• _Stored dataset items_
* * *

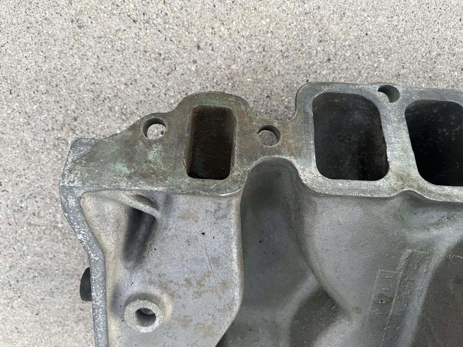 A square / rectangular port big block Chevy BBC intake. It is used but no issues that I see. Review the many photos below. The water / thermostat opening is particularly nice on this one, often they are corroded. The date is 1967, the day looks like 13, but the month needs some imagination... 5 maybe? I'm not sure. The cast part number is 3919851 - is on a raised pad; I've seen that on experimental leading 0 part numbers in the past... In any event, I believe the consensus is that this is an OTC GM unit, maybe affiliated with the L88 cars maybe? Sure is a cool piece. 800.00 PPFF please Thanks all, Anthony |
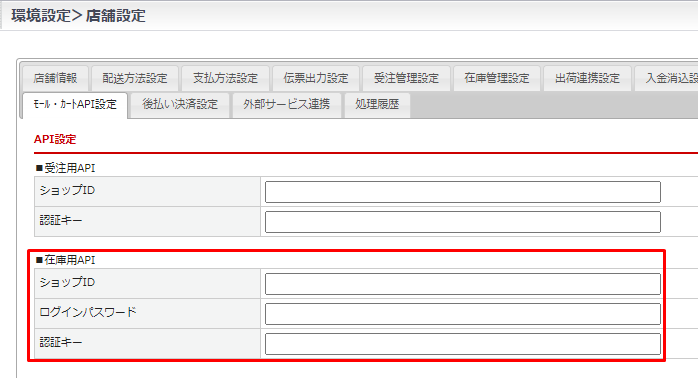 環境設定>店舗設定>「モール・カートAPI設定」タブにて、在庫用APIの設定が必要です。
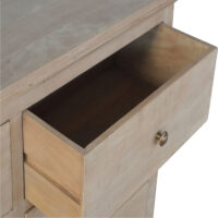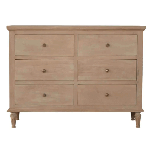 This 6 drawer chest will come in useful all over your home when you need a little bit of extra storage space, with its six drawers that come with ring pull handles made from brass. Suiting most decors, this 100% solid mango wood unit has been built with sustainably sourced timbers and useful for storage to keep your home organised. Other features include a smooth sun bleached finish and hand turned feet.
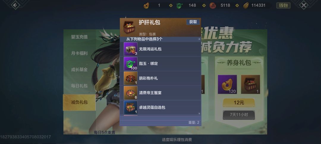 每周开启获得 120婴玉 以及篆星灵石和化育丹二选一,建议选篆星灵石,贵且消耗较大
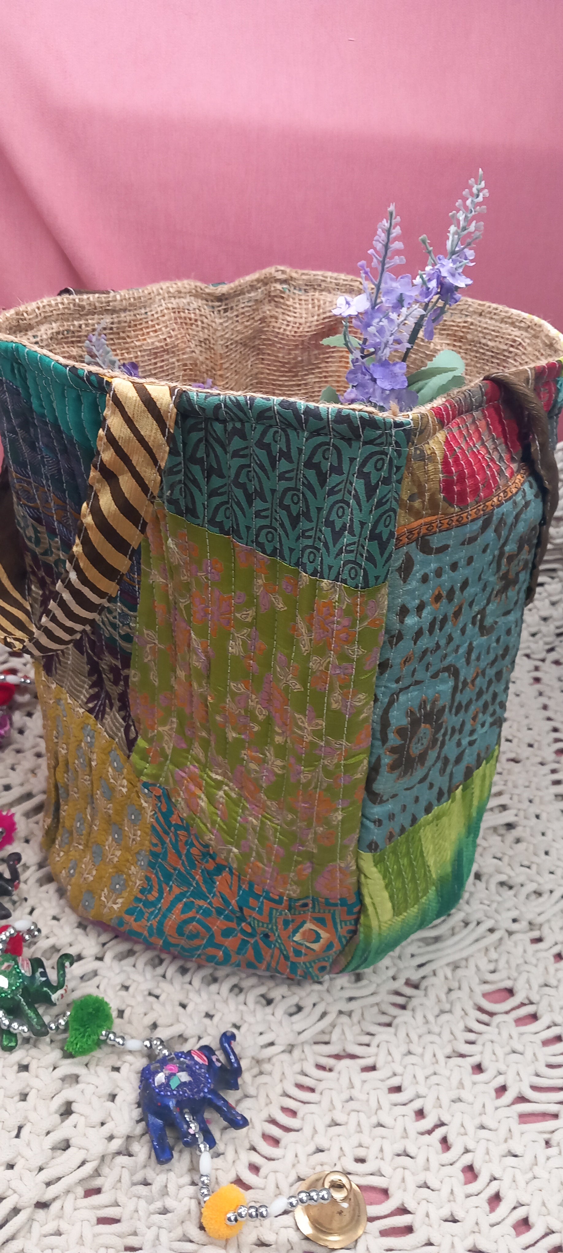El Cesto Wild Saree es una pieza artesanal única que combina funcionalidad, sostenibilidad y estilo en un diseño versátil. Confeccionado con telas sedosas recicladas de saree y yute, cada cesto es irrepetible gracias a sus vibrantes estampados elaborados con la técnica de patchwork. Con unas medidas de 25x30 cm, es ideal para usarlo como bolso con un toque bohemio o como elemento decorativo en el hogar, aportando color, personalidad y un aire auténtico de artesanía india.
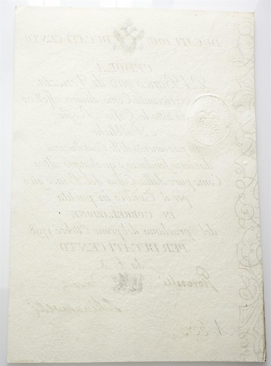 Cedola Banco Giro di Venezia. 100 Scudi 1798, firme Giovanelli - Fovel - Schiantarelli.
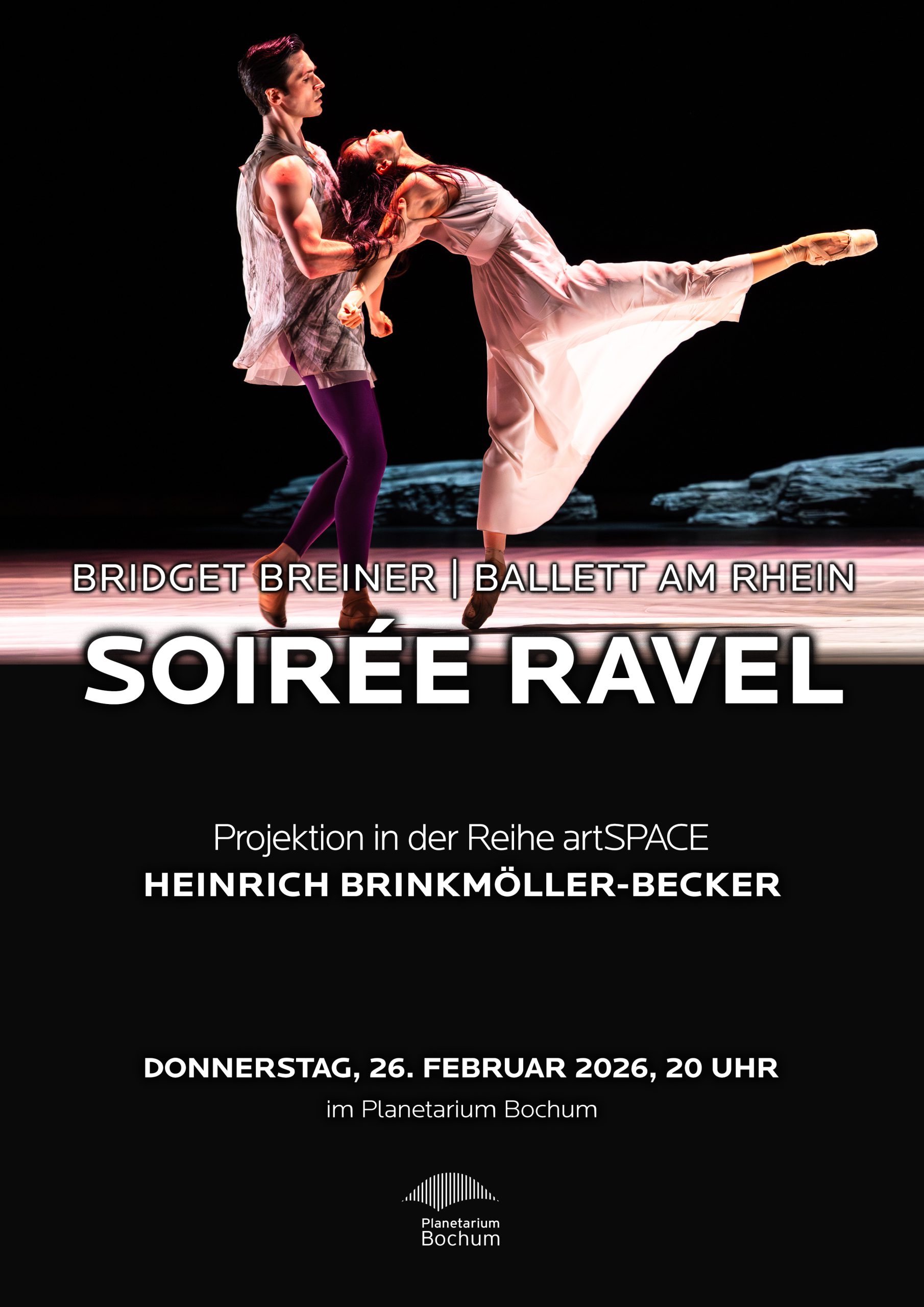 „Ballett immersiv“ dokumentiert die erfolgreiche Choreographie von Bridget Breiner mit dem Düsseldorfer Ballett am Rhein: die Uraufführungen „Konzert für die linke Hand“ und „Daphnis et Chloé, Suiten“ im Rahmen der „Soirée Ravel“. Anlass des vielbeachteten Ballettsist der 150. Geburtstag Maurice Ravels. Die Projektion im Planetarium zeigt die Vorbereitungen, Proben und die Aufführung des Balletts und gibt einen Einblick in den Entstehungs- und Umsetzungsprozess einer Tanz-Kreation.
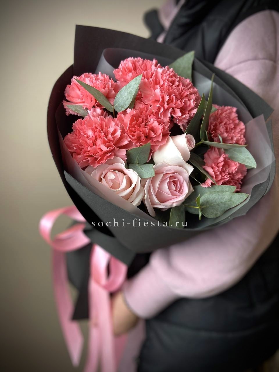 роза, хризантема, кустовая роза, эвкалипт, лента, упаковка.
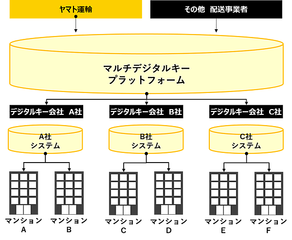 デジタルキー提供会社は、同プラットフォームとAPI連携することで導入が可能。ヤマト運輸と連携するオンラインショップで注文した商品の受け取り場所が指定できるサービス「EAZY」の荷物が対象。EAZYを配達するドライバーの端末にオートロック解錠機能を追加した。今後は自動車のトランクへの置き配などデジタルキーを生かした新たな受け取り方法を検討する。
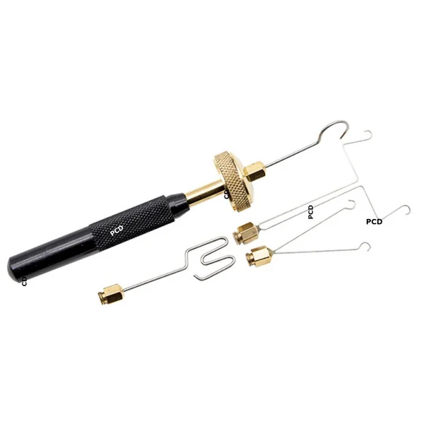 Outil Ingénieux de montage de mouches, livré avec 4 têtes interchangeables pour adapter la taille du rotobille à différents types de fibres.
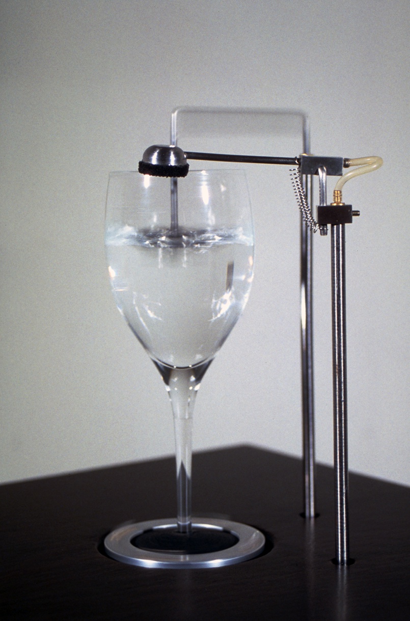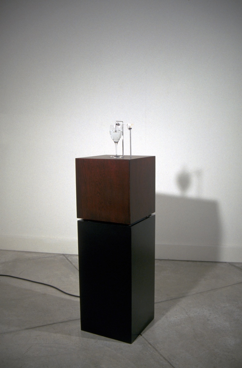 Medium: Wine glass, wood, stainless steel, motors, water pump, timer and water. Dimensions: L 13” x W 13” x H 46”
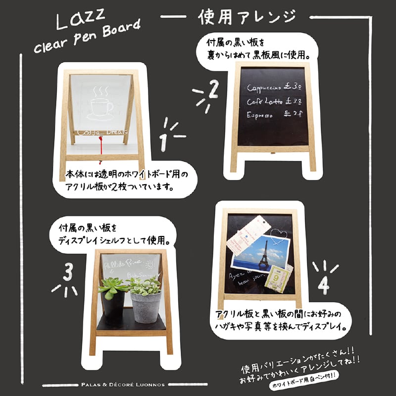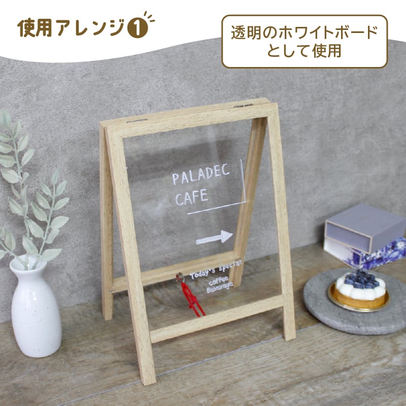 透明ホワイトボード・黒板・ディスプレイシェルフとして使るユーティリティーボードです。木目フレームとクリアなボードで、 お部屋のインテリア・オフィスのメッセージボード・お店のメニューにも使用できます。さらに、付属の黒い板を使用し、写真を挟んだり、黒板風に使ったり、フレームの内側に橋渡しをして植物やお菓子を飾るディスプレイシェルフにしたり、使用バリエーションがたくさん! お好みでかわいくアレンジしてみてください。
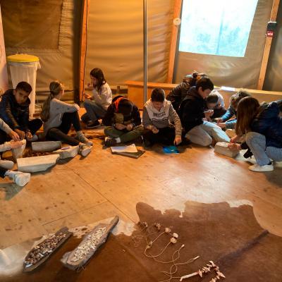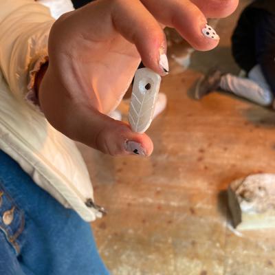 Les élèves ont pu faire un atelier de réalisation d’un collier avec les techniques de la préhistoire et le ramener chez eux.
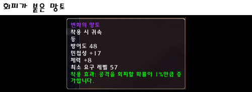 1.사각보루 망토 [혈투의 전장 북쪽방 공물 드랍]

* * *

• _What you should do_
Your answer should be every line above, written out exactly, with no pictures.

• _Answer for this exercise_
 A square / rectangular port big block Chevy BBC intake. It is used but no issues that I see. Review the many photos below. The water / thermostat opening is particularly nice on this one, often they are corroded. The date is 1967, the day looks like 13, but the month needs some imagination... 5 maybe? I'm not sure. The cast part number is 3919851 - is on a raised pad; I've seen that on experimental leading 0 part numbers in the past... In any event, I believe the consensus is that this is an OTC GM unit, maybe affiliated with the L88 cars maybe? Sure is a cool piece. 800.00 PPFF please Thanks all, Anthony |
 環境設定>店舗設定>「モール・カートAPI設定」タブにて、在庫用APIの設定が必要です。
 This 6 drawer chest will come in useful all over your home when you need a little bit of extra storage space, with its six drawers that come with ring pull handles made from brass. Suiting most decors, this 100% solid mango wood unit has been built with sustainably sourced timbers and useful for storage to keep your home organised. Other features include a smooth sun bleached finish and hand turned feet.
 每周开启获得 120婴玉 以及篆星灵石和化育丹二选一,建议选篆星灵石,贵且消耗较大
El Cesto Wild Saree es una pieza artesanal única que combina funcionalidad, sostenibilidad y estilo en un diseño versátil. Confeccionado con telas sedosas recicladas de saree y yute, cada cesto es irrepetible gracias a sus vibrantes estampados elaborados con la técnica de patchwork. Con unas medidas de 25x30 cm, es ideal para usarlo como bolso con un toque bohemio o como elemento decorativo en el hogar, aportando color, personalidad y un aire auténtico de artesanía india.
 Cedola Banco Giro di Venezia. 100 Scudi 1798, firme Giovanelli - Fovel - Schiantarelli.
 „Ballett immersiv“ dokumentiert die erfolgreiche Choreographie von Bridget Breiner mit dem Düsseldorfer Ballett am Rhein: die Uraufführungen „Konzert für die linke Hand“ und „Daphnis et Chloé, Suiten“ im Rahmen der „Soirée Ravel“. Anlass des vielbeachteten Ballettsist der 150. Geburtstag Maurice Ravels. Die Projektion im Planetarium zeigt die Vorbereitungen, Proben und die Aufführung des Balletts und gibt einen Einblick in den Entstehungs- und Umsetzungsprozess einer Tanz-Kreation.
 роза, хризантема, кустовая роза, эвкалипт, лента, упаковка.
 デジタルキー提供会社は、同プラットフォームとAPI連携することで導入が可能。ヤマト運輸と連携するオンラインショップで注文した商品の受け取り場所が指定できるサービス「EAZY」の荷物が対象。EAZYを配達するドライバーの端末にオートロック解錠機能を追加した。今後は自動車のトランクへの置き配などデジタルキーを生かした新たな受け取り方法を検討する。
 Outil Ingénieux de montage de mouches, livré avec 4 têtes interchangeables pour adapter la taille du rotobille à différents types de fibres.
 Medium: Wine glass, wood, stainless steel, motors, water pump, timer and water. Dimensions: L 13” x W 13” x H 46”
 透明ホワイトボード・黒板・ディスプレイシェルフとして使るユーティリティーボードです。木目フレームとクリアなボードで、 お部屋のインテリア・オフィスのメッセージボード・お店のメニューにも使用できます。さらに、付属の黒い板を使用し、写真を挟んだり、黒板風に使ったり、フレームの内側に橋渡しをして植物やお菓子を飾るディスプレイシェルフにしたり、使用バリエーションがたくさん! お好みでかわいくアレンジしてみてください。
 Les élèves ont pu faire un atelier de réalisation d’un collier avec les techniques de la préhistoire et le ramener chez eux.
 1.사각보루 망토 [혈투의 전장 북쪽방 공물 드랍]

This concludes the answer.